This is not a happy situation, but it seems to be where we are. And it
probably won't change for a long time.

It's not impossible to disintermediate teaching and accreditation. But I can't
think of any workable way to disintermediate high quality research, especially
when significant resources are required.

The best approach might be to herd postdocs into research-only facilities -
like Bell Labs and Parc, but independent - and throw money at them to see what
happens.

That's not very imaginative, but research-only labs seem to work well when
they're managed correctly, and a lot of smart people would like the chance to
do pure research without having to teach, mark, and justify their existence
with constant grant chasing and committee meetings.

------
tsumnia
We haven't really had anything as collapsing as the "dot-com" crash occur in
the past decade (knock on wood). As the article points out we are at all time
highs, Congressional Research Service [1] reports that computer science jobs
are projected to continue for the next decade.

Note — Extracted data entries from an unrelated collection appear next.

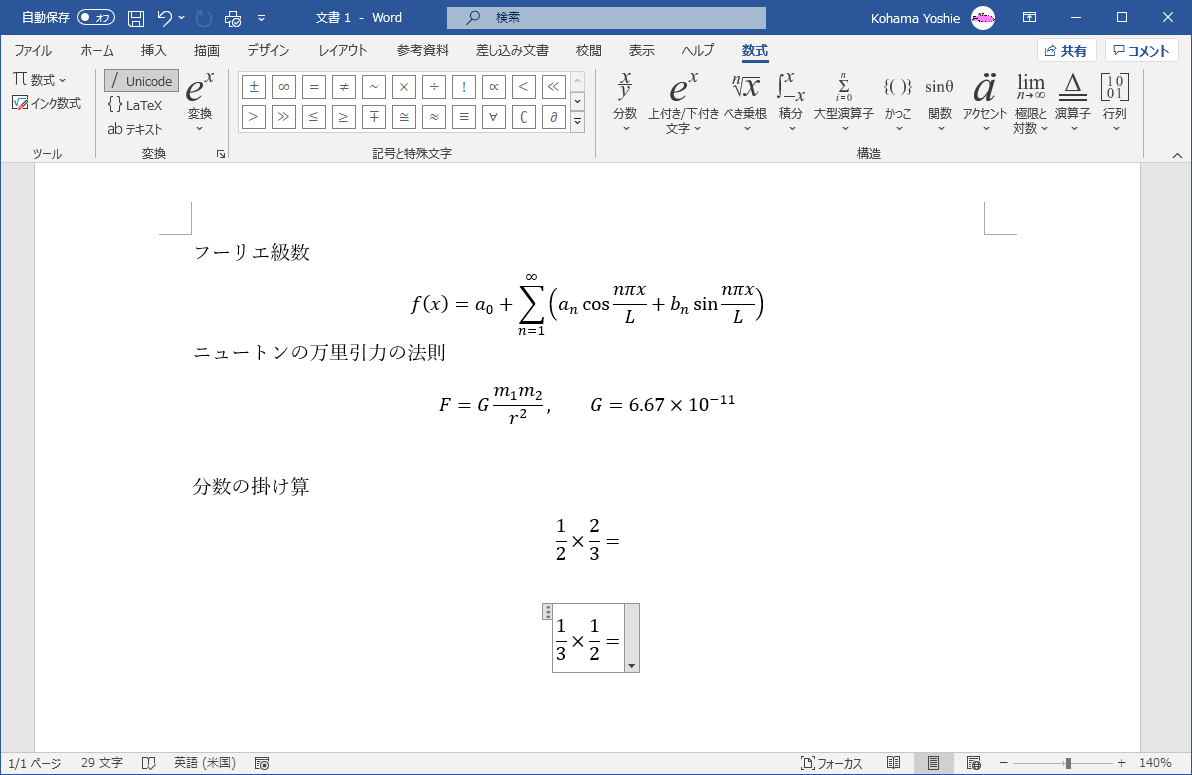 - 数式が挿入されました。
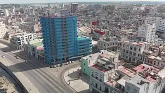 The Hotel Deauville is a historic hotel in Centro Habana located at Calle Galiano 1 on a corner with the Malecón promenade, and overlooking the Bay of Havana.[1] The hotel was constructed as a casino hotel in 1957 by a consortium owned by American mobster Santo Trafficante Jr.
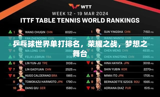 乒乓球世界单打排名,荣耀之战,梦想之舞台

I also like to mention [2] because it seems like this is where female
enrollment's number dropped and never recovered. For a short while, I was
researching about how these numbers came to be. Unfortunately, the majority of
articles only talk about how computers were marketed to males and "Revenge of
the Nerds" stereotypes pushed females away.

Instead, Dr. Roberts' article looks at a simple realism - everyone got sick
and tired of CS. Sure, it was lack of resources in the 80s, but it shows a
different perspective than marketing did it. I cannot find any research on CS
perceptions stating it, but there was/is a severe "elitist" attitude among CS
students. I think this is where a lot of the unattractiveness of the subject
comes as well. In the 80s, you had to be the best of the best to get into
these limited programs. I think it inflated a lot of student egos, which is
where that personality quirk was created.

Maybe all STEM people have it, I don't know, but I do see it in CS. It's
getting better as other programs are starting to teach things like coding, but
if we continue to have limited resources, something needs to help relieve the
strain. Better MOOC/Cyberlearning retention, grade automation, novel teaching
approaches, etc. Otherwise, we'll just be repeating the 80s drop soon.

[1] -
[https://fas.org/sgp/crs/misc/R43061.pdf](https://fas.org/sgp/crs/misc/R43061.pdf)

[2] -
[https://www.npr.org/sections/money/2014/10/21/357629765/when...](https://www.npr.org/sections/money/2014/10/21/357629765/when-
women-stopped-coding)